[Dataset records]
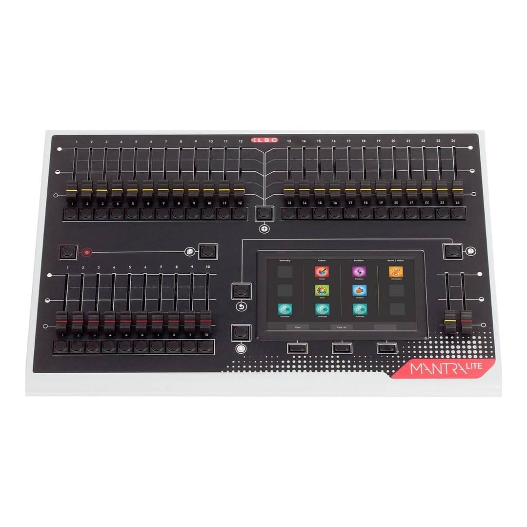 Central to the LSC Mantra Lite is a large colour touchscreen providing immediate fingertip access to most parameters and functions. A clever but simple operating system provides even a novice user with immediate results, whilst still allowing a more experienced user access to advanced functionality like shape FX, multipatch, chases, cue lists with individual in/out times and powerful fan programming.
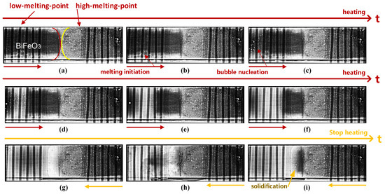 Changes in the density of the melt cause changes in the X-ray transmission images, usually because heating causes varying densities over different areas of the melt and changes in X-ray absorption. The denser melts appear as darker areas in the images. In Figure 14a, the marked area on the left side of the image is darker and denser, and it shows stronger X-ray absorption. In the meantime, BiFeO3 still maintains a solid structure at this time and has not begun to melt. The color of BiFeO3 in Figure 14b becomes lighter, and the crystals start to melt. The melting phenomenon of BiFeO3 in Figure 14c is more obvious. After heating, some crystals of BiFeO3 have completely melted. The molten BiFeO3 absorbs less X-rays, and it is in a transparent state. Furthermore, it exhibits a tendency to migrate to the right. From Figure 14b–f, it can be observed that, with the increase in temperature, BiFeO3 melts, and bubbles generated during the melting process appear in the red marked area on the left side. After melting, cooling and solidification are carried out, as shown in Figure 14g–i, with the gradual decrease in temperature, gradual solidification of the melt is observed. The melt region gradually shrinks and eventually changes to a solid state. Eventually, a solidified state is noted in Figure 14i. It marks the completion of the phase transition process.
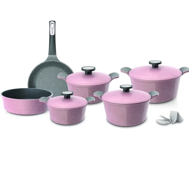 Neoflam Granite Ribbed Cookware Set 10 pcs Rose – Includes pots 20-22-26-28 cm + 24 cm frying pan + 28 cm grill pan + 2 silicone handles
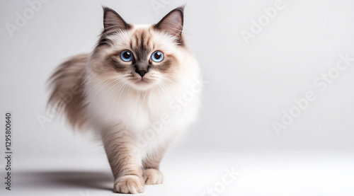 cat, ragdoll, kitten, fluffy, pet, felino, blue eye, cute, adorable, white background, purebred, long-haired, elegant, portrait, animal, domestic, furry, gentle, beautiful, whisker, lovely, sitting, isolated, charming, breed, aristocratic, majestic, photogenic, luxurious, pure, peaceful, studio, calm, premium, closeup, stylish, sophisticated
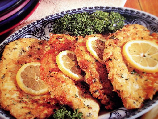 - 4 skinless, boneless chicken breasts pounded to 1/4-inch thickness
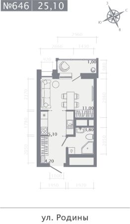 Продаётся студия в строящемся доме (Корпус 2), срок сдачи: I-кв. 2029, общей площадью 25.1 кв.м., на 13 этаже.
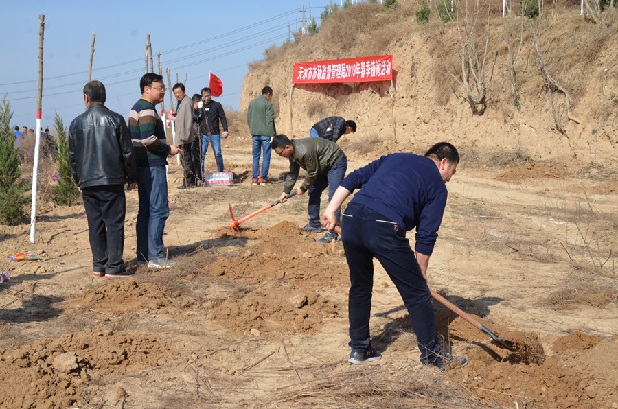 春风催新绿,植树正当时。3月26日,天水市市场监管局组织机关及直属单位110余名干部职工到秦州区玉泉镇王家磨村北山植树点开展春季义务植树活动,以实际行动诠释“绿水青山就是金山银山”的理念。
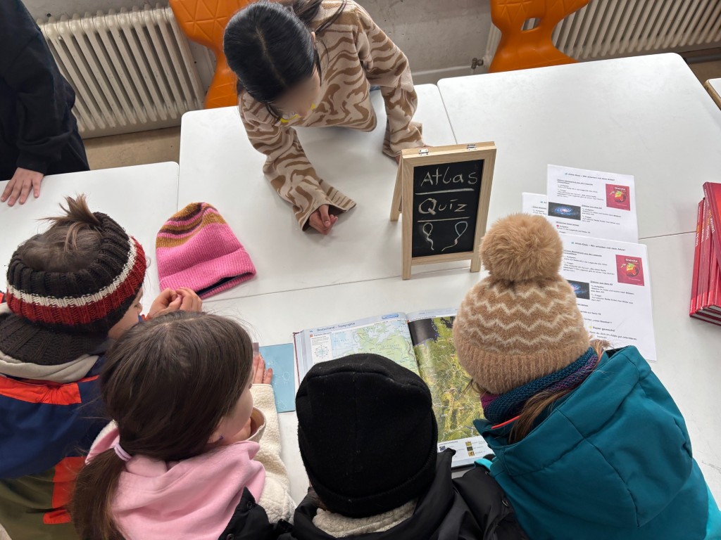 Ein besonderer Höhepunkt waren die Beiträge unserer fünften Klassen: Sie präsentierten mit viel Engagement ihre Arbeitsergebnisse und luden Kinder und Familien zu vielfältigen Mitmachangeboten ein. Von Zeitkapseln über kreative Workshops bis hin zu Atlasreisen – für alle war etwas dabei.
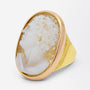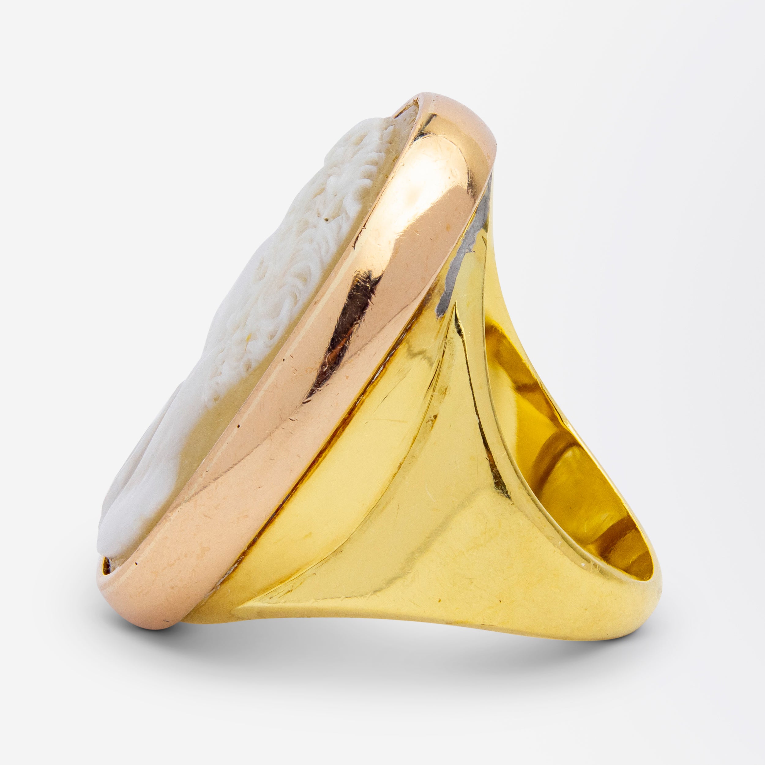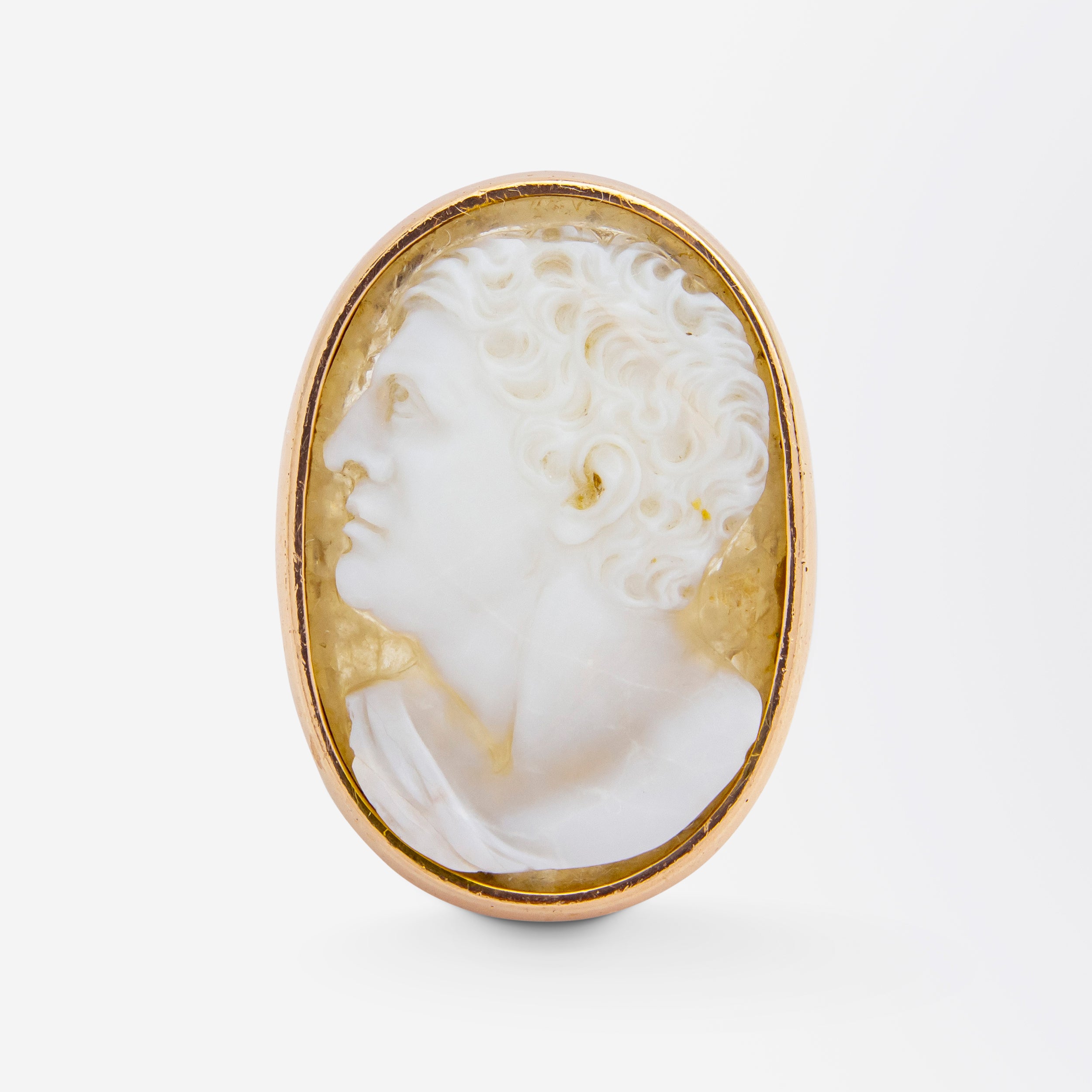 Nous apprécions particulièrement les bagues camées en pierre dure, et celle-ci est peut-être la plus belle que nous ayons eue jusqu'à présent. La monture est en or jaune et rose 18 carats et sertie d'un camée en pierre dure, probablement du XVIIIe ou XIXe siècle. Le camée représente un homme de profil, probablement romain, tourné vers la gauche, mais nous n'avons pas pu l'identifier. Les camées et intailles classiques de profil comme celui-ci représentent souvent des empereurs romains tels que Jules César ou Hadrien, mais il est parfois difficile d'attribuer un profil à une personne en particulier. Il est possible que cette bague ait été à l'origine une petite broche transformée en bague par la suite, mais cela n'enlève rien à sa beauté, car elle est magnifiquement réalisée. On note la présence de craquelures dans la pierre dure, principalement visibles au dos, qui sont très probablement des inclusions naturelles plutôt que des dommages ultérieurs. On observe également de très légères usures sur les parties blanches du profil du camée, normales compte tenu de son âge et de son utilisation. Une bague vraiment ravissante qui ferait sensation auprès d'une dame, ou une belle pièce à arborer pour un gentleman amateur d'antiquités.
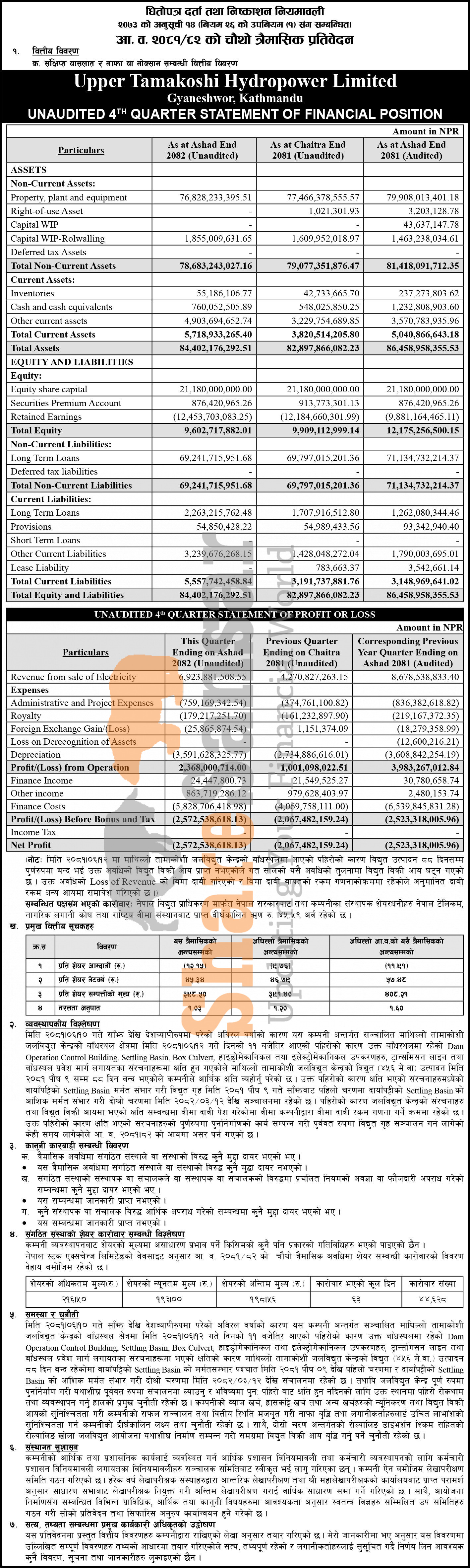Upper Tamakoshi Hydropower Limited has posted a net loss of Rs 2.57 billion and published its 4th quarter company analysis of the fiscal year 2081/82.
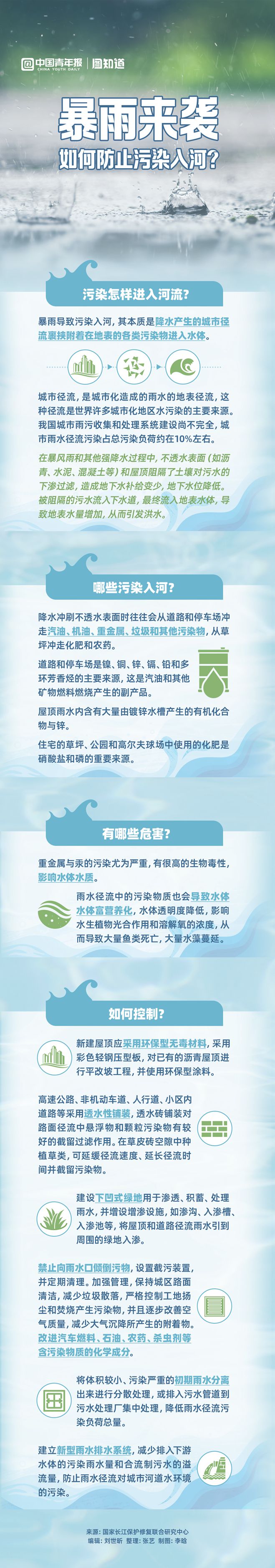 近日,臺風“杜蘇芮”給我國多地帶來暴雨甚至大暴雨。中央氣象臺今天繼續(xù)發(fā)布暴雨紅色預(yù)警。暴雨來襲,哪些污染物會被沖進河流?它們?nèi)绾斡绊懞恿?,又該如何控制?讀圖了解。
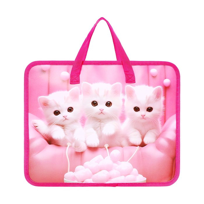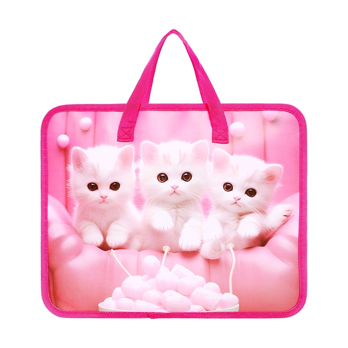 Папка с ручками пластиковая, А4, Белые котята
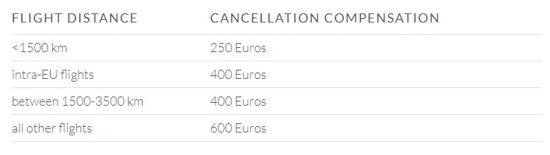 For flight cancellations where alternative transportation is scheduled to arrive at least one hour later, passengers are also entitled to compensation.
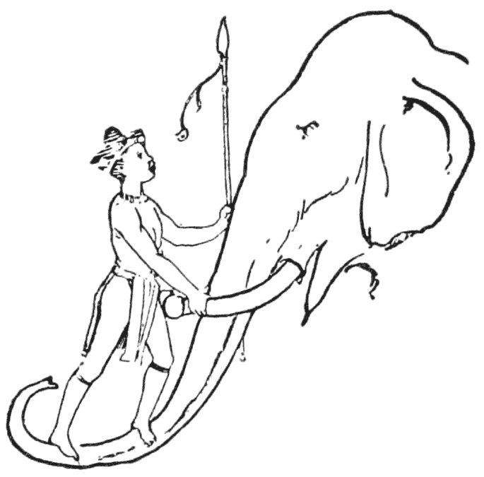 He was twelve feet high, and had legs like tree-trunks, as she had said; for Ramil’s son was nothing more nor less than a big black elephant, and that very day he had nearly been killed by Parle’s brothers.
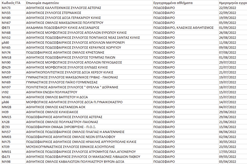 Από το νομό Κιλκίς στο Μητρώο έχουν εγγραφεί όλες οι ομάδες, με την καθοριστική βοήθεια και της ΕΠΣ Κιλκίς. Με την ευκαιρία καταγράφουμε και τα 32 σωματεία του νομού Κιλκίς που έχουν εγγραφεί στο Μητρώο, όπως αυτά παρουσιάζονται στον σχετικό πίνακα.
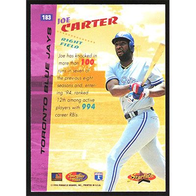 This is a 1994 Sportflics Joe Carter baseball card. The card is #183 and pictures show condition.
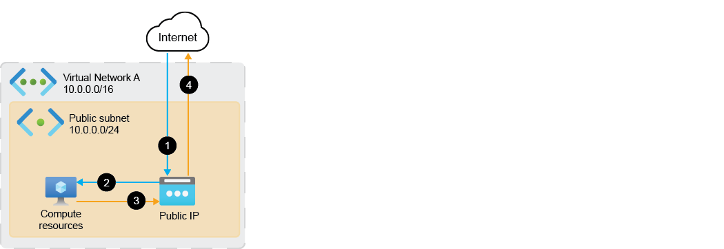 Public IPforwards the traffic to the workload resources inPublic Subnet(10.0.0.0/24). -
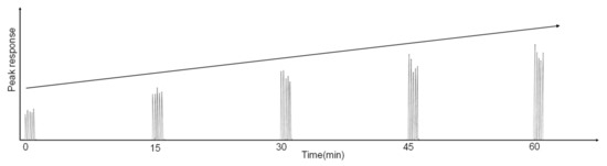 Linear increase in the peak response of 2-OHTA produced in the PM2.5 sample (Sampling date: 6–7 October 2021). For one analysis, five repeated injections were performed within 90 s.
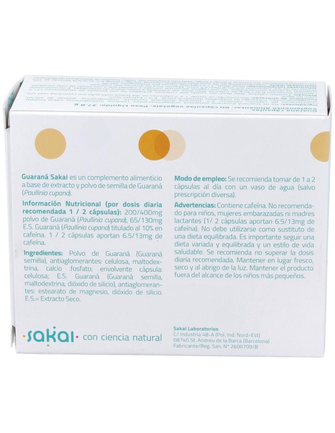 Las cápsulas de Guarana 60Cap. de Sakai están elaboradas con ingredientes que cumplen con estándares de calidad, presentados en un envase que protege el producto de la humedad y la luz. Su diseño permite una ingesta sencilla, adaptándose a diferentes estilos de vida.
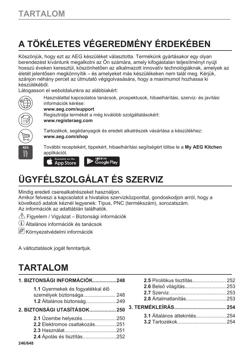 Ανακυκλώστε τα υλικά που φέρουν το σύμβολο . Τοποθετήστε τα υλικά συσκευασίας σε κατάλληλα δοχεία για ανακύκλωση. Συμβάλετε στην προστασία του περιβάλλοντος και της ανθρώπινης υγείας ανακυκλώνοντας τις άχρηστες ηλεκτρικές και ηλεκτρονικές συσκευές. Μην απορρίπτετε με τα οικιακά απορρίμματα συσκευές που φέρουν το σύμβολο . Επιστρέψτε το προϊόν στην τοπική σας μονάδα ανακύκλωσης ή επικοινωνήστε με τη δημοτική αρχή. 245/648 TARTALOM A TÖKÉLETES VÉGEREDMÉNY ÉRDEKÉBEN Köszönjük, hogy ezt az AEG készüléket választotta. Termékünk gyártásakor egy olyan berendezést kívántunk megalkotni az Ön számára, amely kifogástalan teljesítményt nyújt hosszú éveken keresztül, köszönhetően az alkalmazott innovatív technológiáknak, amelyek az életét jelentősen megkönnyítik – és amelyeket más készülékeken nem talál meg. Kérjük, szánjon néhány percet az útmutató végigolvasására, hogy a maximumot hozhassa ki készülékéből. Látogasson el weboldalunkra az alábbiakért: Használattal kapcsolatos tanácsok, prospektusok, hibaelhárítási, szerviz- és javítási információk kérése: www.aeg.com/support Regisztrálja termékét a még kiválóbb szolgáltatásokért: www.registeraeg.com Tartozékok, segédanyagok és eredeti alkatrészek vásárlása a készülékhez: www.aeg.com/shop További receptekért, tippekért, hibaelhárítási segítségért töltse le a My AEG Kitchen applikációt.
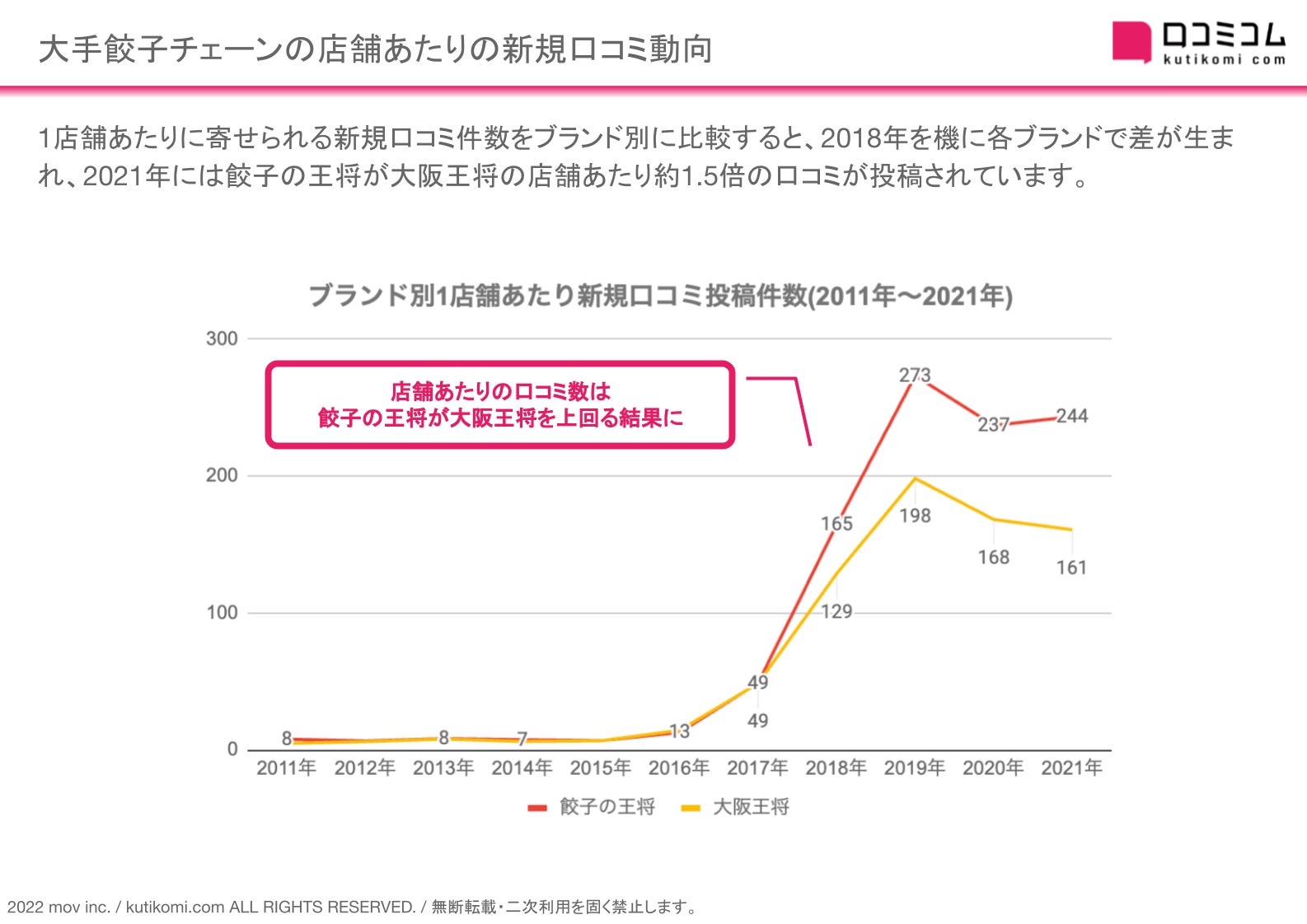 1店舗あたりに寄せられる新規口コミ件数をブランド別に比較すると、2018年を機に各ブランドで差が生まれ、2021年には餃子の王将が大阪王将の店舗あたり約1.5倍の口コミが投稿されています。
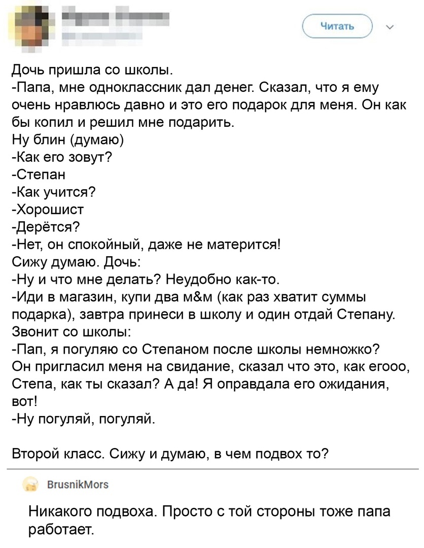 Е _Д 7 а Дочь пришла со школы Папа мне одноклассник дал денег Сказал что я ему очень нравлюсь давно и это его подарок для меня Он как бы копил и решил мне подарить Ну блин думаю Как его зовут Степан Как учится Хорошист Дерётся Нет он спокойный даже не матерится Сижу думаю Дочь Ну и что мне делать Неудобно както Иди в магазин купи два мм как раз хватит суммы подарка завтра принеси в школу и один от

◆ **Task item**
Copy the entries above exactly, but only the stretch from the line containing "Продаётся студия в" through the line containing "春风催新绿,植树正当时。3月". Keep both end lines; drop the pictures.

◆ **Output of the exercise**
 Продаётся студия в строящемся доме (Корпус 2), срок сдачи: I-кв. 2029, общей площадью 25.1 кв.м., на 13 этаже.
 春风催新绿,植树正当时。3月26日,天水市市场监管局组织机关及直属单位110余名干部职工到秦州区玉泉镇王家磨村北山植树点开展春季义务植树活动,以实际行动诠释“绿水青山就是金山银山”的理念。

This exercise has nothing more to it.